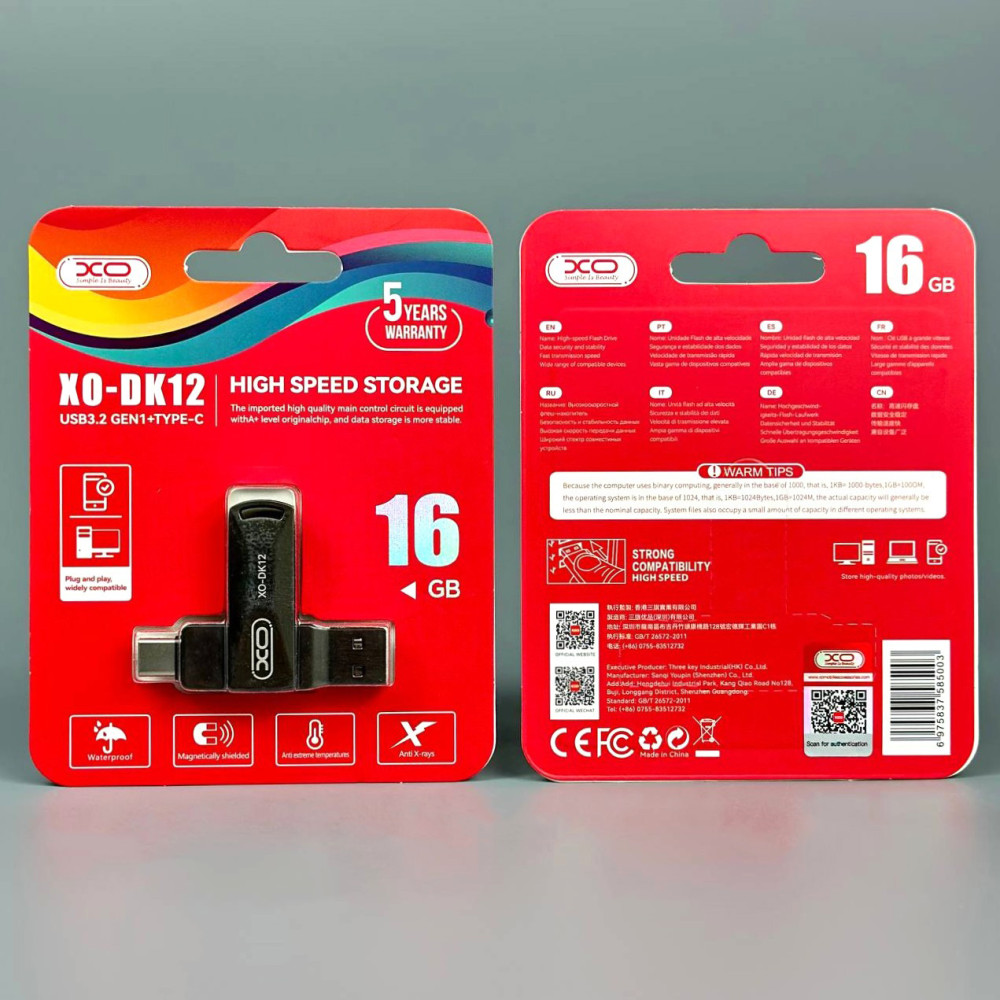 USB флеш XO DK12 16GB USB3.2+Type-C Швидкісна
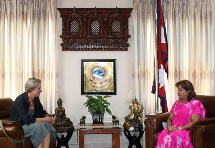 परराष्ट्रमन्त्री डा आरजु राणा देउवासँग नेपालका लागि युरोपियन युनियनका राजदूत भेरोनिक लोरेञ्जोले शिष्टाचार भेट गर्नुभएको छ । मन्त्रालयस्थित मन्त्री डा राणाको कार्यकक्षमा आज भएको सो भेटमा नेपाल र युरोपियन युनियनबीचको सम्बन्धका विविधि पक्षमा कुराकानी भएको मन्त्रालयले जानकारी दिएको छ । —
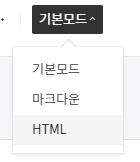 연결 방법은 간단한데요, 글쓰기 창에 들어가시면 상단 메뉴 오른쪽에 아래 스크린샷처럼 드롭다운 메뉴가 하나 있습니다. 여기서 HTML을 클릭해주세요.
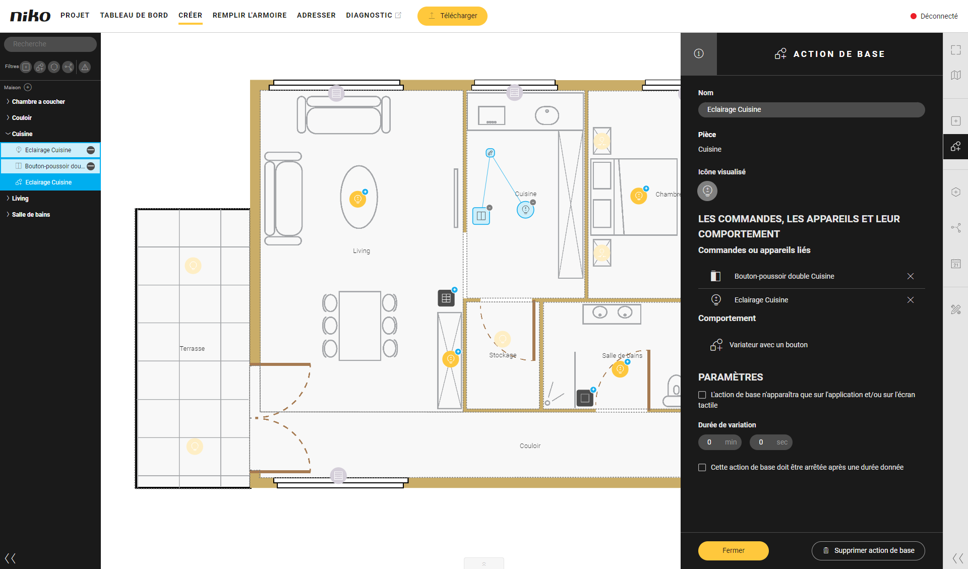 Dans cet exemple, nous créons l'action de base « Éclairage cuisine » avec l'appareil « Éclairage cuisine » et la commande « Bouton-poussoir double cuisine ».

+++

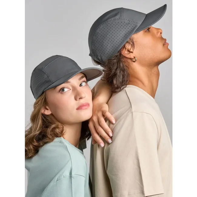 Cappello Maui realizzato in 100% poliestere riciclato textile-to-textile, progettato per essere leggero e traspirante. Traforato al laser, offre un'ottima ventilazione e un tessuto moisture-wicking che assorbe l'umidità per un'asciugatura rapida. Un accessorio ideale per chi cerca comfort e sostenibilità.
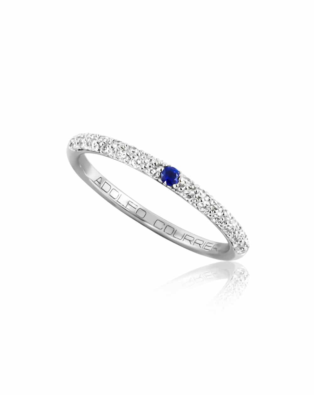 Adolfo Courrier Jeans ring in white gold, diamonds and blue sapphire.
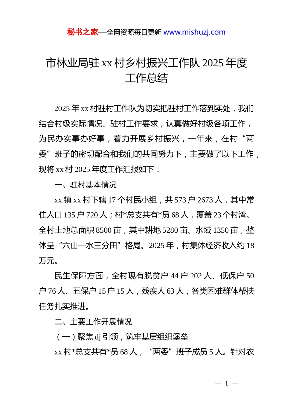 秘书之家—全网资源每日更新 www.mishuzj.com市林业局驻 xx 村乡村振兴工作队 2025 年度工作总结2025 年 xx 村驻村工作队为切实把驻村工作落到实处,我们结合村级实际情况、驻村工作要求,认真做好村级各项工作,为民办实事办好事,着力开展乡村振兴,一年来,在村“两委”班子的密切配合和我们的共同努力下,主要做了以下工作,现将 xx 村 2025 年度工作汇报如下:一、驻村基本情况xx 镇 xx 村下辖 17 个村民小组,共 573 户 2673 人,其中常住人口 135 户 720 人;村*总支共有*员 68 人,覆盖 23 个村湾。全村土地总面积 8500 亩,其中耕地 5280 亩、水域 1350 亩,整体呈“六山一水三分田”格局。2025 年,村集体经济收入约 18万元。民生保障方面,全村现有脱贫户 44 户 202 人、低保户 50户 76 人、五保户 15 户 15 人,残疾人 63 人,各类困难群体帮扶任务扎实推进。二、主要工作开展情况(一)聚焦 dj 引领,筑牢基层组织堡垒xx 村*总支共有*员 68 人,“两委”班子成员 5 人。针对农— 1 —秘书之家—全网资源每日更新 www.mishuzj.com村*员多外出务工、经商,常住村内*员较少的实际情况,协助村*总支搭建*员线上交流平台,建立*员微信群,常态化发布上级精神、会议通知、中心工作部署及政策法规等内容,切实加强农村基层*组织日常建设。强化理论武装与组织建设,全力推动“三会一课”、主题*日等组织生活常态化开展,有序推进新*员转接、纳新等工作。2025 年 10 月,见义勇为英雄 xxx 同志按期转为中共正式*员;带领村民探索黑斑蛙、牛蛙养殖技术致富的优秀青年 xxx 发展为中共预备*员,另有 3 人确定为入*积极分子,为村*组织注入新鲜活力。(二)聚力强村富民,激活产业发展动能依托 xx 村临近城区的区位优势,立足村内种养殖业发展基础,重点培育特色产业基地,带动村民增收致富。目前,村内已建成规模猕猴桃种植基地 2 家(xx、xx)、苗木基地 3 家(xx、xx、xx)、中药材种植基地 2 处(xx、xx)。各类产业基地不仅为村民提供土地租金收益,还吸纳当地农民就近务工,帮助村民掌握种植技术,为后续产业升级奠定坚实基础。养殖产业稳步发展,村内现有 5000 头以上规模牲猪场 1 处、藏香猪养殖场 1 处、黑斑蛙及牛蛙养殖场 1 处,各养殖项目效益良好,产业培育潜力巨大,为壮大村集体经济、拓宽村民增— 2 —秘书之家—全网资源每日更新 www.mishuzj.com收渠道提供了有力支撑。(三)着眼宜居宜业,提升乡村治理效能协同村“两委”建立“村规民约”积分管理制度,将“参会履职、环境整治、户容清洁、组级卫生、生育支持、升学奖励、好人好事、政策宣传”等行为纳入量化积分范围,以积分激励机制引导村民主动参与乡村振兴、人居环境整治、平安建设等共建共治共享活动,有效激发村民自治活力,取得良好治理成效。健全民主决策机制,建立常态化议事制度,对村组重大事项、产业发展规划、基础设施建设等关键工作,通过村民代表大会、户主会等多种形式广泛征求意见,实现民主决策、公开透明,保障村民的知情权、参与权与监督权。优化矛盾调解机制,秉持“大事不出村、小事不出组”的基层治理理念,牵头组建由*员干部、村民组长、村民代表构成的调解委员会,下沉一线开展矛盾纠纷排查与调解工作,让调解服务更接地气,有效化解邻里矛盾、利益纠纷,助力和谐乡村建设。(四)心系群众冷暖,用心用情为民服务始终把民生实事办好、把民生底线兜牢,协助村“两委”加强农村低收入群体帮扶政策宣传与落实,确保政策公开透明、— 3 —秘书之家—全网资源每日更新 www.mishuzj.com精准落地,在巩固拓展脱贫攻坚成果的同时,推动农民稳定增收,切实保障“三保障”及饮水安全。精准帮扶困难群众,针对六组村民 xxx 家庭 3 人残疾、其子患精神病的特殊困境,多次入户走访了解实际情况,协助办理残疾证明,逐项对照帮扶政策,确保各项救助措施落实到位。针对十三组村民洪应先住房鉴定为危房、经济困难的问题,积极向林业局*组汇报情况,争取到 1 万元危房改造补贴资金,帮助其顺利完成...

+++

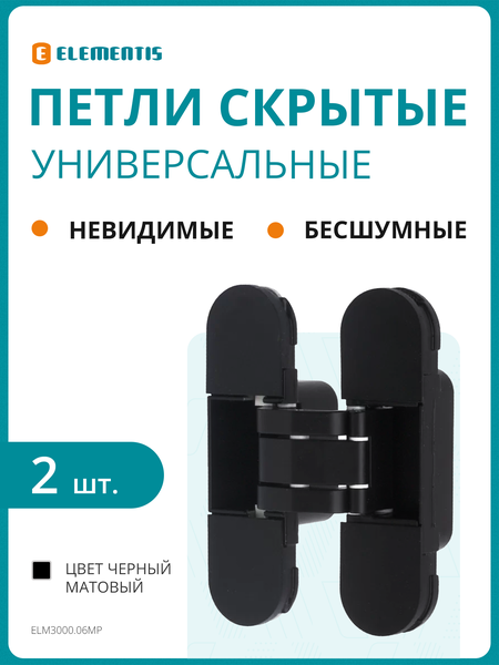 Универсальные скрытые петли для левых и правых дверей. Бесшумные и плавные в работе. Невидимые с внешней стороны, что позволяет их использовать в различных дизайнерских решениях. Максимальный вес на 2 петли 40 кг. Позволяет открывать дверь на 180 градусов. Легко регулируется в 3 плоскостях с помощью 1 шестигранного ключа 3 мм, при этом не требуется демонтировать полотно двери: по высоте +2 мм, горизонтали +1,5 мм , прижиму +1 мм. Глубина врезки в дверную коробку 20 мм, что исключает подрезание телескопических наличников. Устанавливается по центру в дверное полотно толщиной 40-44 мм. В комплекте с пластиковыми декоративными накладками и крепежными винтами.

+++

**Work required:** Each line between the one holding "USB флеш XO" and the one holding "Dans cet exemple, nous", inclusive, should be copied exactly as it appears above, and pictures should be omitted.

**Written solution:**
 USB флеш XO DK12 16GB USB3.2+Type-C Швидкісна
 परराष्ट्रमन्त्री डा आरजु राणा देउवासँग नेपालका लागि युरोपियन युनियनका राजदूत भेरोनिक लोरेञ्जोले शिष्टाचार भेट गर्नुभएको छ । मन्त्रालयस्थित मन्त्री डा राणाको कार्यकक्षमा आज भएको सो भेटमा नेपाल र युरोपियन युनियनबीचको सम्बन्धका विविधि पक्षमा कुराकानी भएको मन्त्रालयले जानकारी दिएको छ । —
 연결 방법은 간단한데요, 글쓰기 창에 들어가시면 상단 메뉴 오른쪽에 아래 스크린샷처럼 드롭다운 메뉴가 하나 있습니다. 여기서 HTML을 클릭해주세요.
 Dans cet exemple, nous créons l'action de base « Éclairage cuisine » avec l'appareil « Éclairage cuisine » et la commande « Bouton-poussoir double cuisine ».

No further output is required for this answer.